Elizabeth Fajardo, the El Encanto’s human resources director, told Noozhawk she was hired in January 2013, but that only recently — in August, after some El Encanto management changes — has she been able to get “up to speed” on all the components of the parking program.
“Our parking has definitely been a challenge in making sure that team members … truly understand the seriousness of adhering to our parking lot and procedures,” she said.
The El Encanto has partnered with First Presbyterian Church of Santa Barbara, 21 E. Constance Ave., to provide 40 parking spaces for employees. The hotel provides a shuttle that Fajardo said runs every 15 minutes from 5 a.m. to 9 p.m.
At the Planning Commission meeting, she said hotel staff who don’t park in the appropriate areas face a verbal warning, followed by a written warning and then termination. She acknowledged that the hotel has not fired anyone over the parking issue.

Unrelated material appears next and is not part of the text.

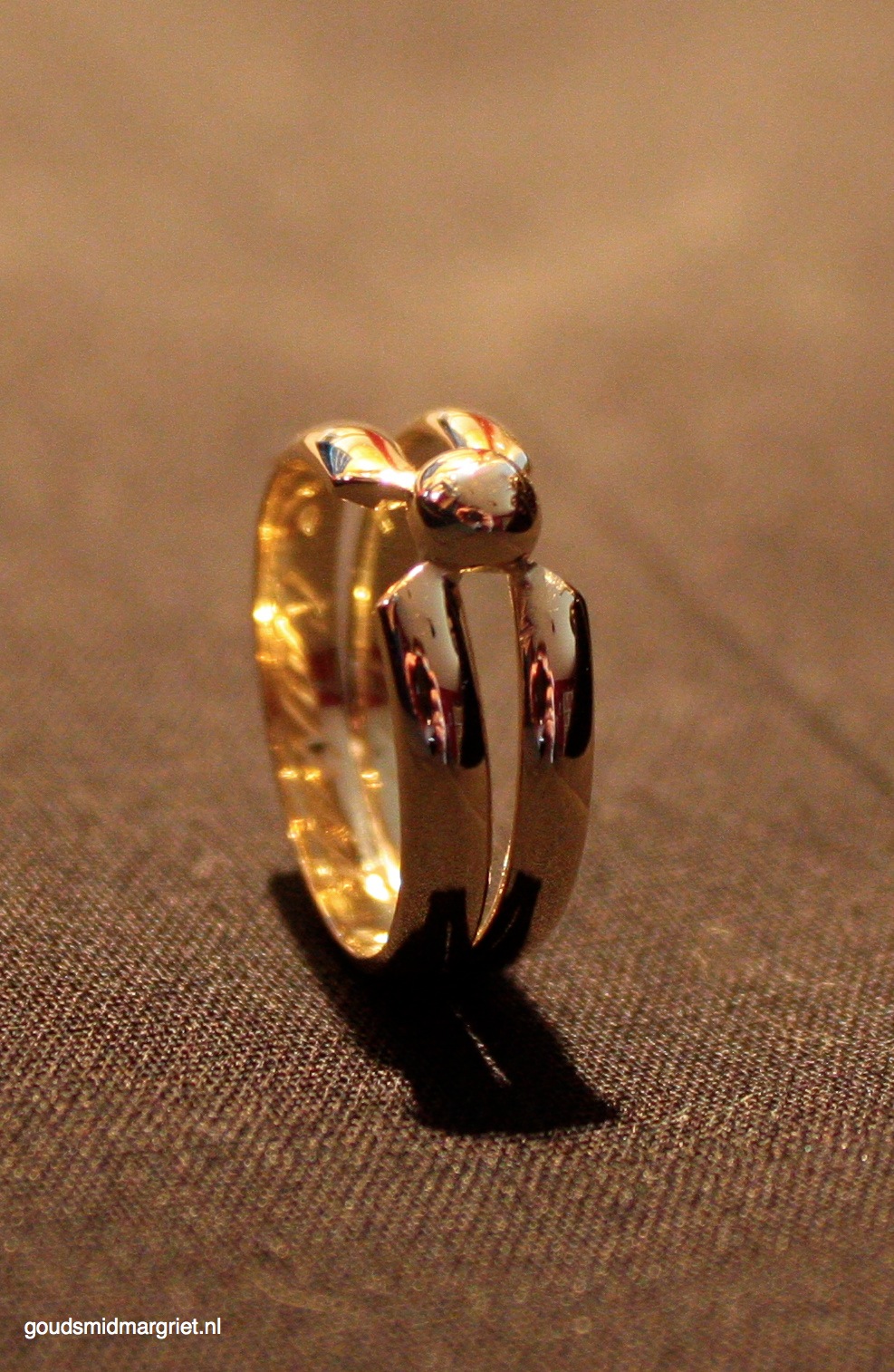 2 Trouwringen (vader-moeder)vermaakt naar 1 Damesring Het verhaal: Het verhaal van deze ring is deze: Deze damesring heb ik gemaakt voor een mevr. die de trouwringen van haar dierbare overleden ouders tot 1 damesring vermaakt wilde hebben. Het bolletje in het midden is samengesmolten goud wat ik over had van het op maat maken van de 2 ringen. Het bolletje stelt dus zijzelf voor.
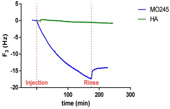 Evolution of the frequency F3 versus time for MO245 and HA on silica-coated quartz crystal (pH 7, 150 mM NaCl). MO245 and HA were injected at t = 0 min. After the adsorption of MO245 on the surface of silica-coated quartz crystal, rinsing was performed to observe if desorption occurred.

“The bottom line is they have overbuilt the property,” said Lynda Courtney, an El Encanto neighbor. “They have taken every inch of space on that property for buildings so they didn’t give any employees any parking like they promised to.”

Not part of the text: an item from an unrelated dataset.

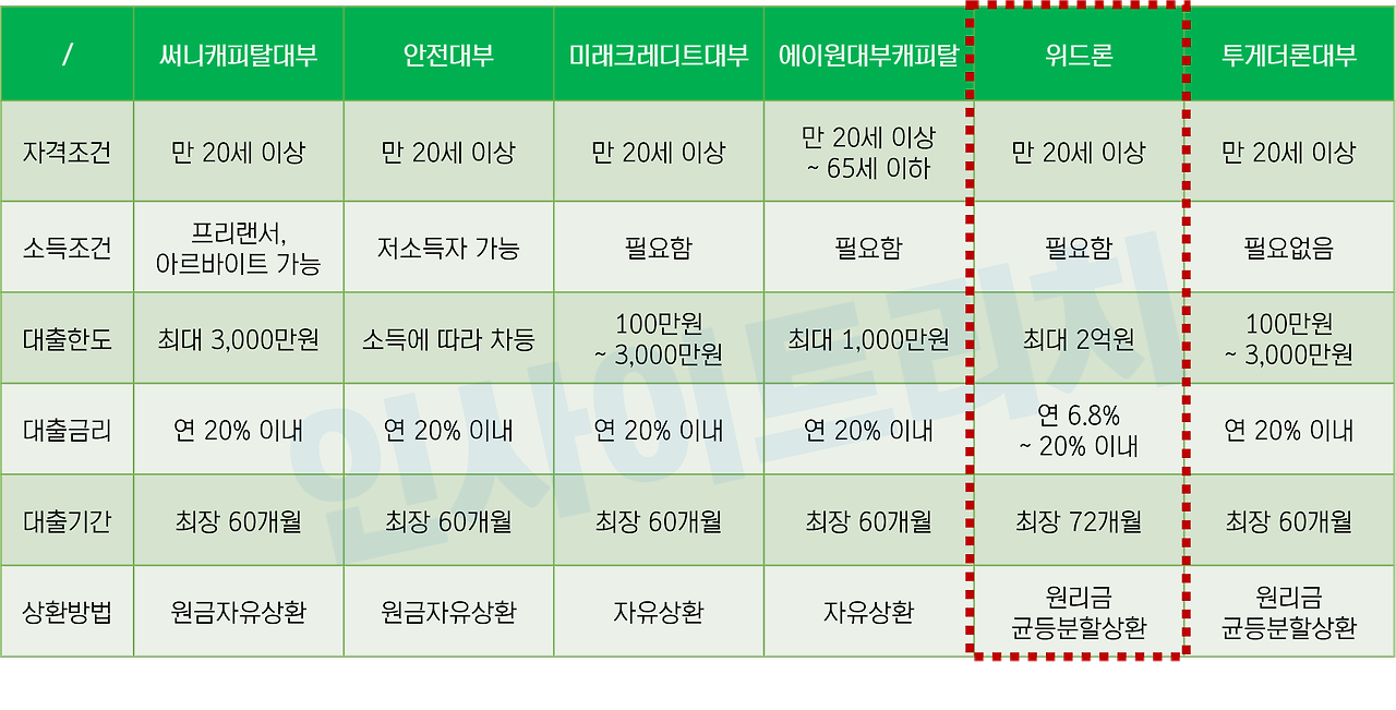세부 비교해 드리니 대부를 고려한다면 꼭 읽어보시기 바랍니다.
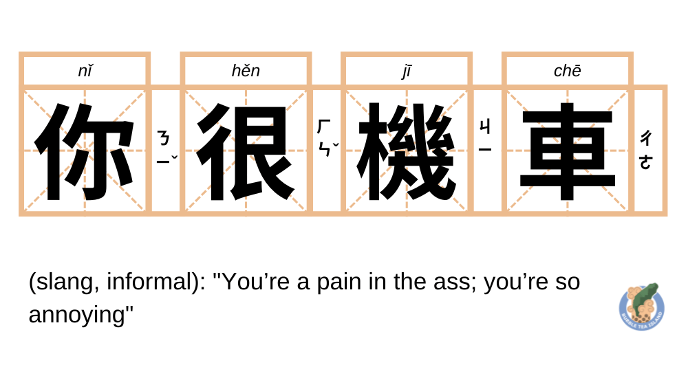 | 你很機車 | ㄋㄧˇ ㄏㄣˇ ㄐㄧ ㄔㄜ | nǐ hěn jī chē | You’re very motorbike | You’re annoying, stubborn, or hard to deal with |

On any given day, she said, six to 10 employees can be found parking on the streets around the hotel.
“They are not monitoring these cars that well and they are certainly not enforcing it,” Courtney said.
“They tried to turn my quiet, peaceful, scenic, single-family, up-market neighborhood into their own personal, commercial zone,” she added.
Sheri Parker, another neighbor, said the hotel has ignored residents.
“The El Encanto has simply neglected to deal with their employee parking issues and, as a result, their employee parking has dominated Mission Ridge,” she said.
Parker said her 88-year-old mother must park one or two houses up the street when she visits.
“It’s just absurd that we are unable to have street parking in front of our homes,” she said. “It’s just not right.”
Parker said she could understand an employee occasionally parking on the street, but that it’s not a rare thing.
“These are the same people who constantly park in front of our home almost every day that they work,” she fumed.
Not everyone in the neighborhood is upset, however. Sheri Benninghoven used to videotape and write down license plate numbers of cars parked on her street.
“It was the same car in the same spot, every day,” said Benninghoven, adding that the drivers were putting on their work aprons while walking to the hotel. She called the hotel’s general manager, but did not hear back.
“Clearly, there was a plan that didn’t get executed,” she said.
Benninghoven says things are better now. A neighbor put up “No Hotel Parking” signs on private property, a move that seems to have deterred many of the street parkers. And she says she believes hotel officials have worked hard to address the neighborhood concerns.
“Everything has calmed down,” she said. “The hotel’s a treasure. We all have to get along.”
Planning Commissioner Mike Jordan said he’s skeptical of the hotel’s commitment to resolving the parking issue.
“The plan today is a plan that has been nonresponsive to the city’s requests, and has been followed up with a representative standing up in front of us saying, ‘We’ll take care of that,’” he said. “The details of the long-term parking plan are, at best, sketchy.”